**The data**:
--------------------

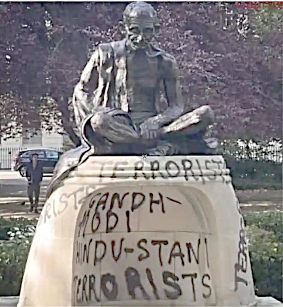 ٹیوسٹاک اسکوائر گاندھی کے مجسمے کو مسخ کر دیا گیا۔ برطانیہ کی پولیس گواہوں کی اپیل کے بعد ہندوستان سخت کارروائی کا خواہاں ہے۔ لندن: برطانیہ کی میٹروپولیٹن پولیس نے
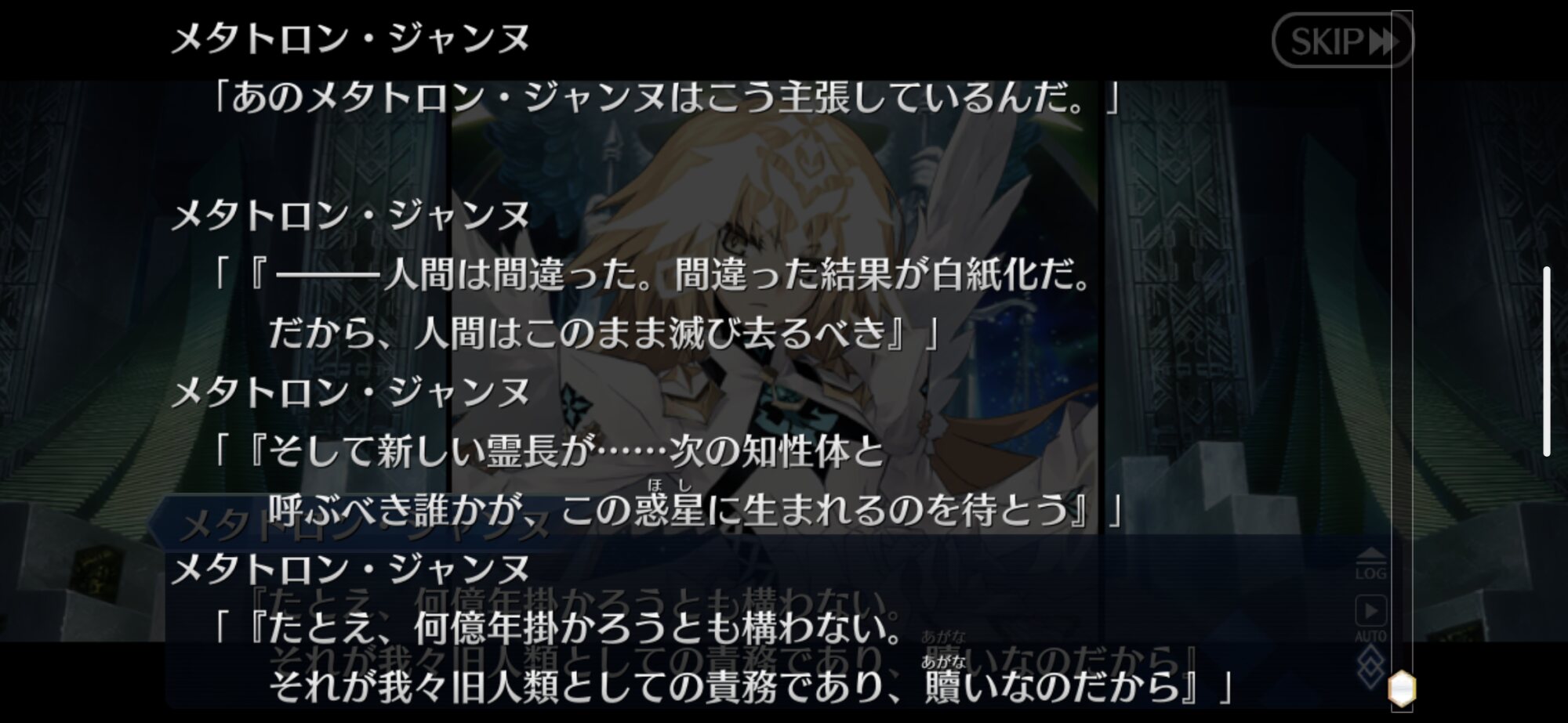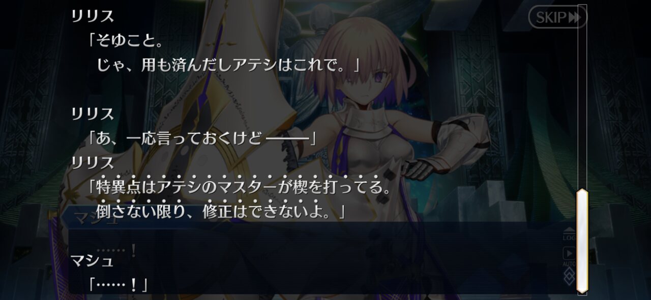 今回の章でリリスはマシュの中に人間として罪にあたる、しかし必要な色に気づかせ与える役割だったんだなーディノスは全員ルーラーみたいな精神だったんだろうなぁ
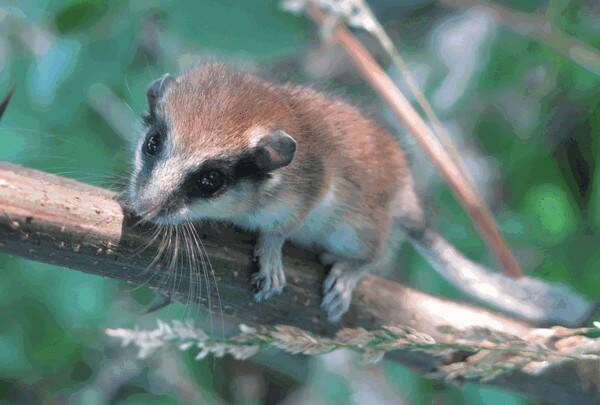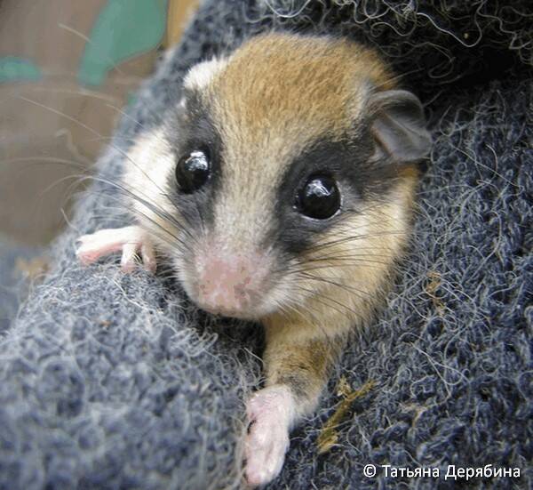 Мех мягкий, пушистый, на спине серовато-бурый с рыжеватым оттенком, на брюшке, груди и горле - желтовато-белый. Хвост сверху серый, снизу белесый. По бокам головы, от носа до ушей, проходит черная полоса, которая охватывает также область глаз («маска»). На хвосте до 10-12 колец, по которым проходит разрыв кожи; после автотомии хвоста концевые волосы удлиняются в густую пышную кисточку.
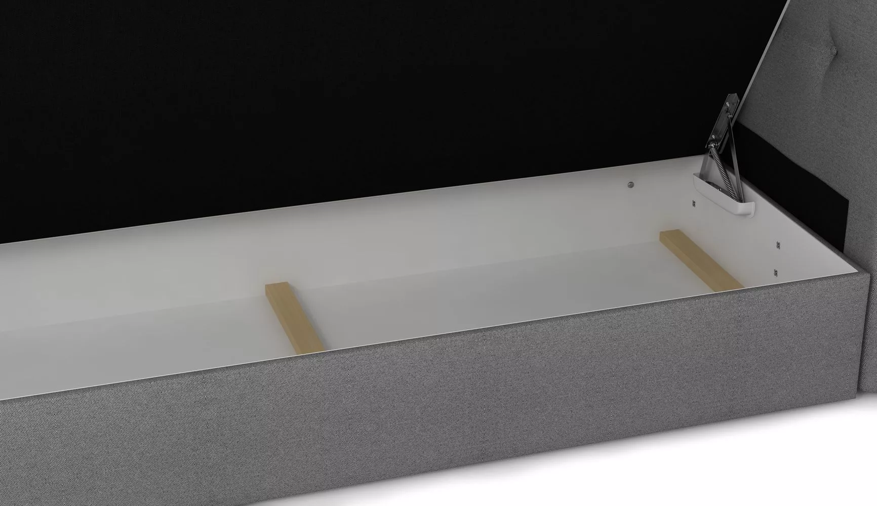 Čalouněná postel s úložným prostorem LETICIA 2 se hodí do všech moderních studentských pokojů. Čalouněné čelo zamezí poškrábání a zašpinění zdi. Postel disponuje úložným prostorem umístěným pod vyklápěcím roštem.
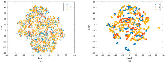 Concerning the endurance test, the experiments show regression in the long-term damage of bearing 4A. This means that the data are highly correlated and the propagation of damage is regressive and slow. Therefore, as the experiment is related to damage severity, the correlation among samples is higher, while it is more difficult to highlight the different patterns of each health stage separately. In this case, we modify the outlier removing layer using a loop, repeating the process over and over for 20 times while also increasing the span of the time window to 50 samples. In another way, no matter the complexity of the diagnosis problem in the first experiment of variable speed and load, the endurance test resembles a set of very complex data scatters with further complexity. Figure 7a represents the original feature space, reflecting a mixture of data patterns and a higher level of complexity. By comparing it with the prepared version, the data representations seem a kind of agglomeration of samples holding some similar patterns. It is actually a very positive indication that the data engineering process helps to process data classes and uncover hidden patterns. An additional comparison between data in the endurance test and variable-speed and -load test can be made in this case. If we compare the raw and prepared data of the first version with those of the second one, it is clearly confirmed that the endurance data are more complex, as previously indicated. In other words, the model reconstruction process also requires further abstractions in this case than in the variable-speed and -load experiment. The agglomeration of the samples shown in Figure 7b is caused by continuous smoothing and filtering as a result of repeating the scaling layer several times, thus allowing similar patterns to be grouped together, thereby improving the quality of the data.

--------------------

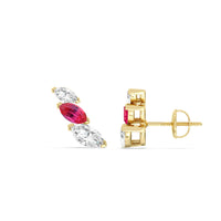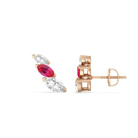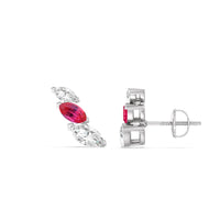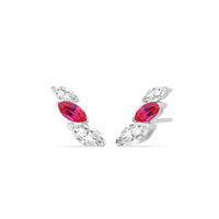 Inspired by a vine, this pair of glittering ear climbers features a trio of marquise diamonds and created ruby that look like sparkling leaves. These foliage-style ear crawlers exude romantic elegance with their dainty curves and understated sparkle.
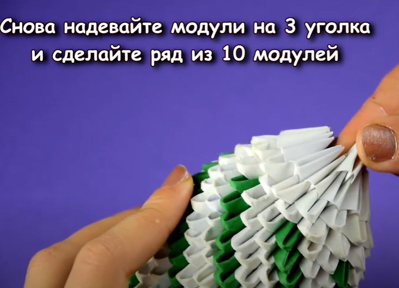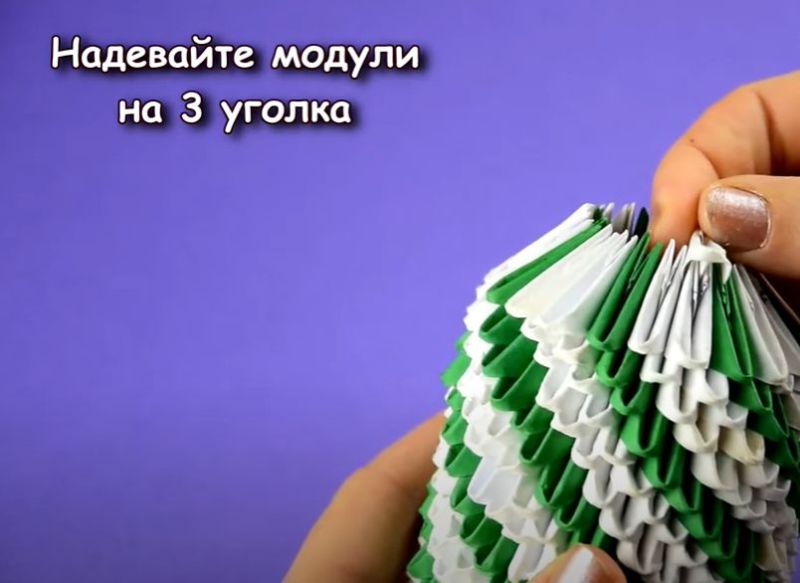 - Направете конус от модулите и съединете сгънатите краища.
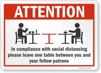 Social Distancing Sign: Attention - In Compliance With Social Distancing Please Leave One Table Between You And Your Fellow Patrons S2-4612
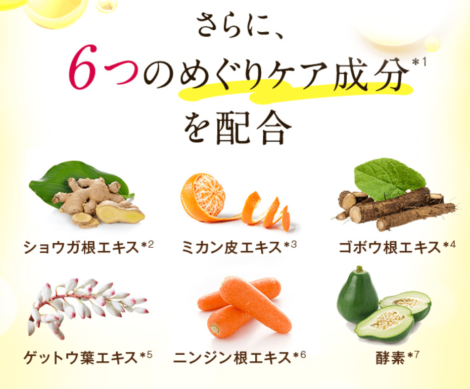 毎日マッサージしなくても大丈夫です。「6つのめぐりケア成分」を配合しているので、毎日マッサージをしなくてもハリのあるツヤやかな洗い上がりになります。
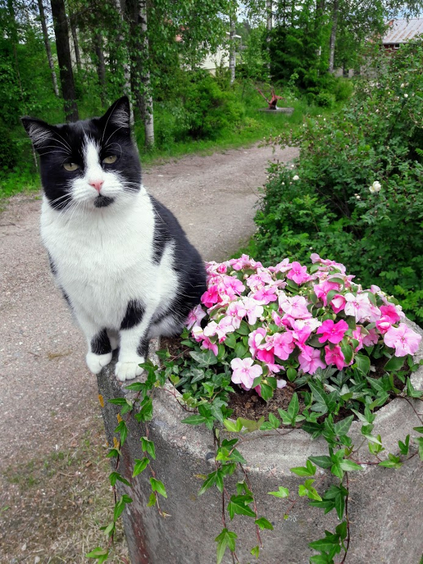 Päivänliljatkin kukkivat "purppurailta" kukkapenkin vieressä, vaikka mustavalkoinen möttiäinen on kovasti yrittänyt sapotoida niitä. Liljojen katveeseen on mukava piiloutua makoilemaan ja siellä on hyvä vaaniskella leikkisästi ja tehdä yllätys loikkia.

--------------------

**Task description**: With the pictures removed, print only the lines starting at the line that has "Social Distancing Sign: Attention" and ending at the line that has "毎日マッサージしなくても大丈", both ends included, exactly as they stand above.

**The completed task**:
 Social Distancing Sign: Attention - In Compliance With Social Distancing Please Leave One Table Between You And Your Fellow Patrons S2-4612
 毎日マッサージしなくても大丈夫です。「6つのめぐりケア成分」を配合しているので、毎日マッサージをしなくてもハリのあるツヤやかな洗い上がりになります。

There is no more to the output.